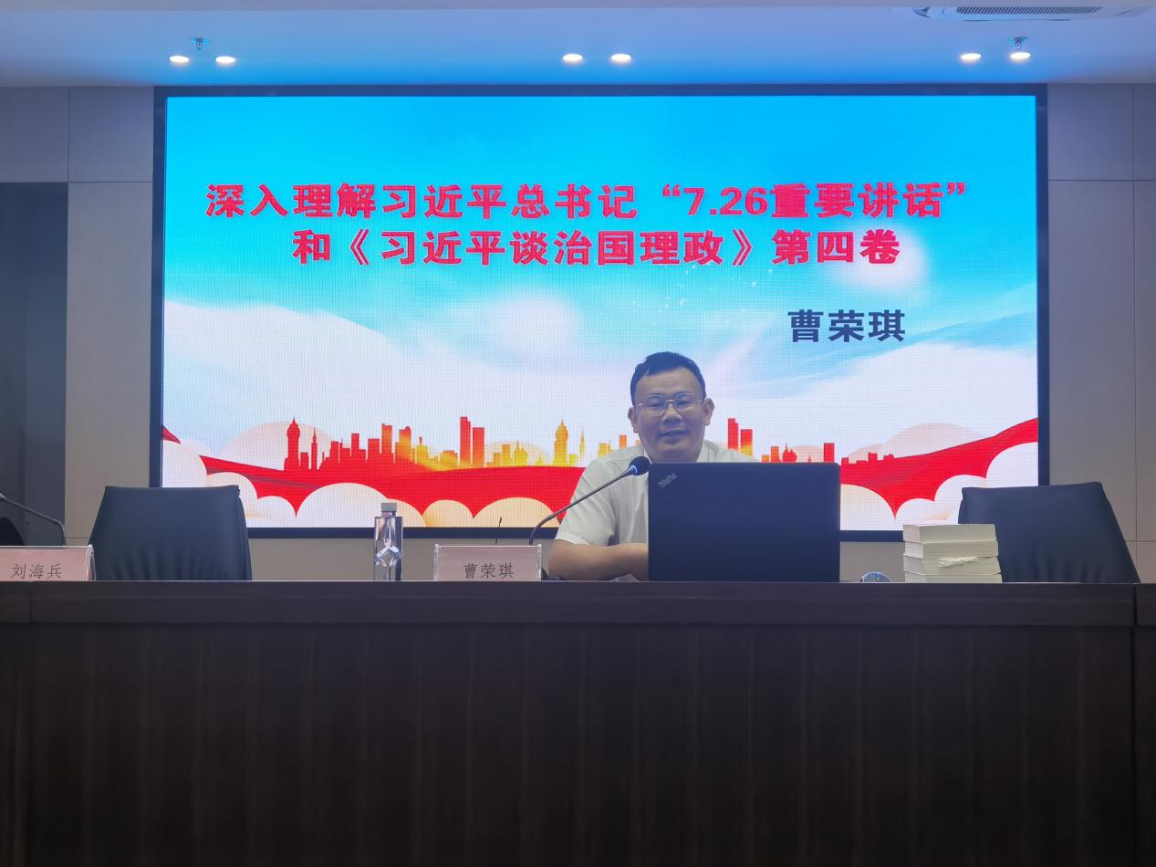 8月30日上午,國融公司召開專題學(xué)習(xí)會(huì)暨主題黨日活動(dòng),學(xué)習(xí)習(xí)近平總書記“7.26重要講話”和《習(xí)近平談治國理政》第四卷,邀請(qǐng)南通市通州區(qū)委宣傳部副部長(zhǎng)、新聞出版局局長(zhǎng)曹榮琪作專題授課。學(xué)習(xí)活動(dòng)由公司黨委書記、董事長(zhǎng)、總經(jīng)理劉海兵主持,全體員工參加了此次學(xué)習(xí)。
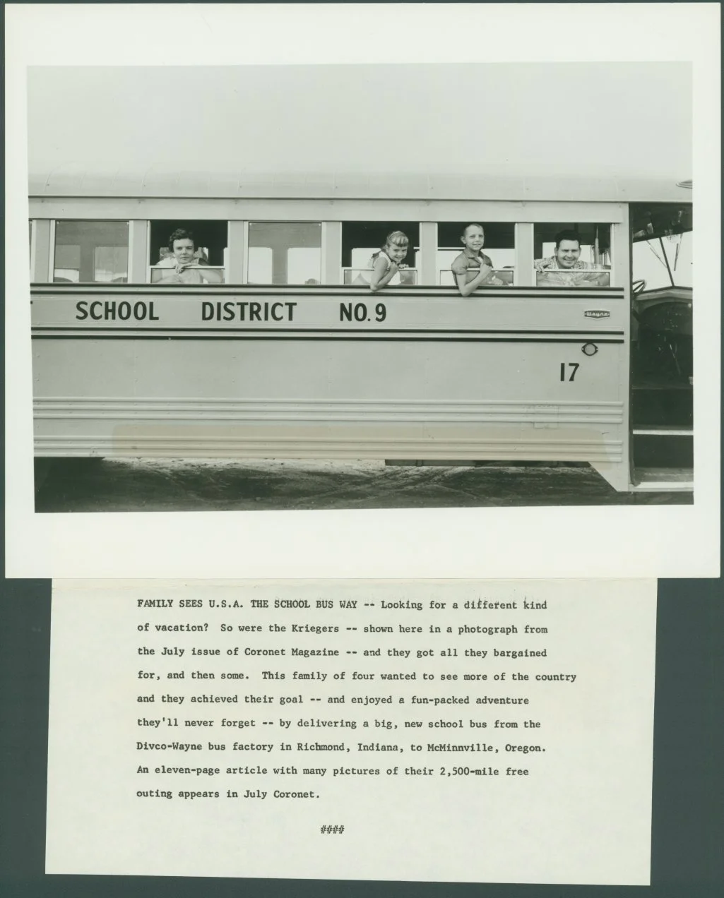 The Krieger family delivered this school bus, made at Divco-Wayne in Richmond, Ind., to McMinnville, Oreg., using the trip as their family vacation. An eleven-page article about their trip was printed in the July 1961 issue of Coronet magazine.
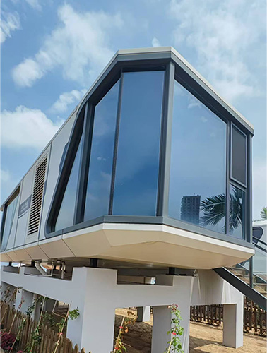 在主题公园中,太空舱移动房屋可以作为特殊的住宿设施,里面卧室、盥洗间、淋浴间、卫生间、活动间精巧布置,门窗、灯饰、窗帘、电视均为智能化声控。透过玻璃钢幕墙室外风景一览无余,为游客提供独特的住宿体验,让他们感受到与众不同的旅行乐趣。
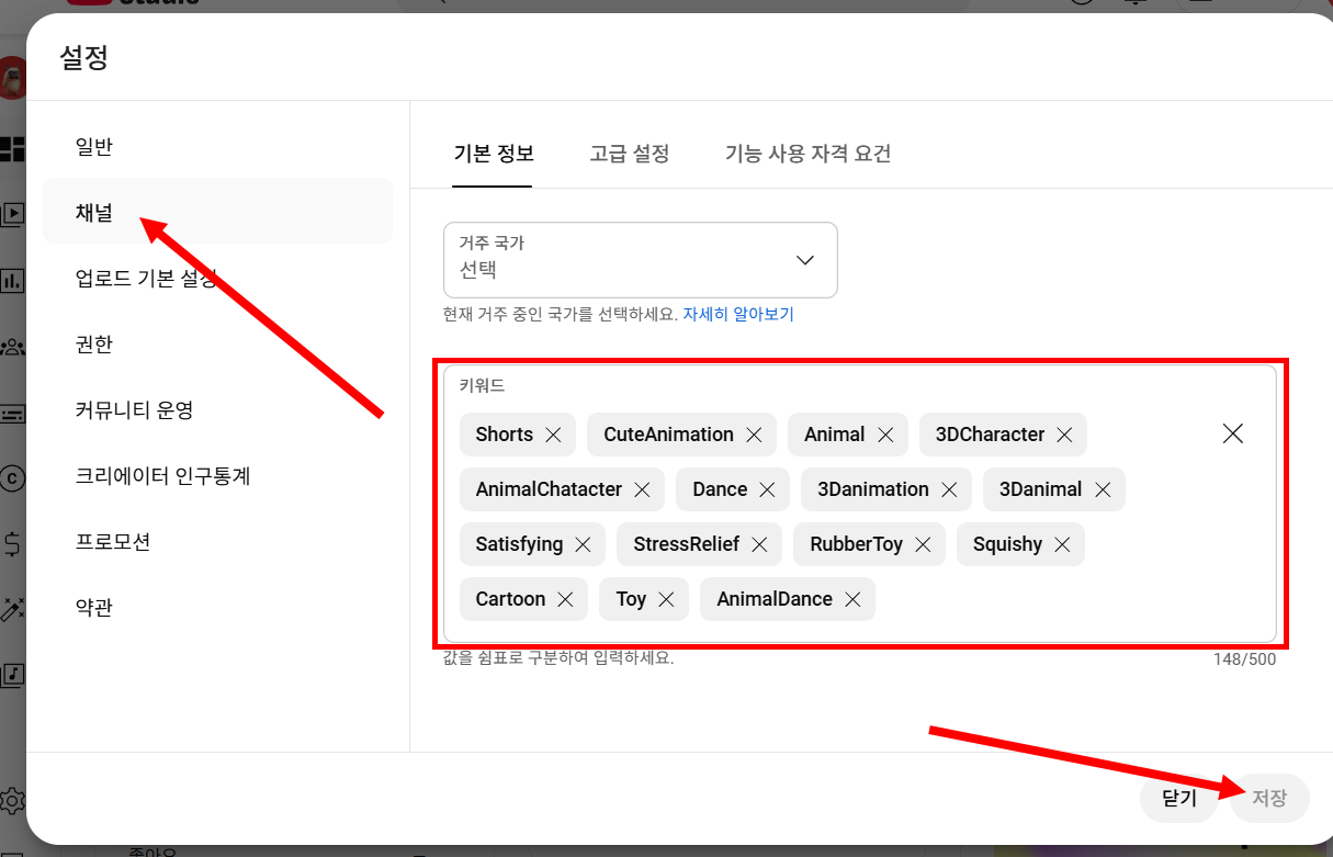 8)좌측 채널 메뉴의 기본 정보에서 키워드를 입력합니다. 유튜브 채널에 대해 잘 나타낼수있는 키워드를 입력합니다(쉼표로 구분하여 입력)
########
What the task needs is the material above repeated exactly, pictures excepted.

» Solution to this exercise
 8月30日上午,國融公司召開專題學(xué)習(xí)會(huì)暨主題黨日活動(dòng),學(xué)習(xí)習(xí)近平總書記“7.26重要講話”和《習(xí)近平談治國理政》第四卷,邀請(qǐng)南通市通州區(qū)委宣傳部副部長(zhǎng)、新聞出版局局長(zhǎng)曹榮琪作專題授課。學(xué)習(xí)活動(dòng)由公司黨委書記、董事長(zhǎng)、總經(jīng)理劉海兵主持,全體員工參加了此次學(xué)習(xí)。
 The Krieger family delivered this school bus, made at Divco-Wayne in Richmond, Ind., to McMinnville, Oreg., using the trip as their family vacation. An eleven-page article about their trip was printed in the July 1961 issue of Coronet magazine.
 在主题公园中,太空舱移动房屋可以作为特殊的住宿设施,里面卧室、盥洗间、淋浴间、卫生间、活动间精巧布置,门窗、灯饰、窗帘、电视均为智能化声控。透过玻璃钢幕墙室外风景一览无余,为游客提供独特的住宿体验,让他们感受到与众不同的旅行乐趣。
 8)좌측 채널 메뉴의 기본 정보에서 키워드를 입력합니다. 유튜브 채널에 대해 잘 나타낼수있는 키워드를 입력합니다(쉼표로 구분하여 입력)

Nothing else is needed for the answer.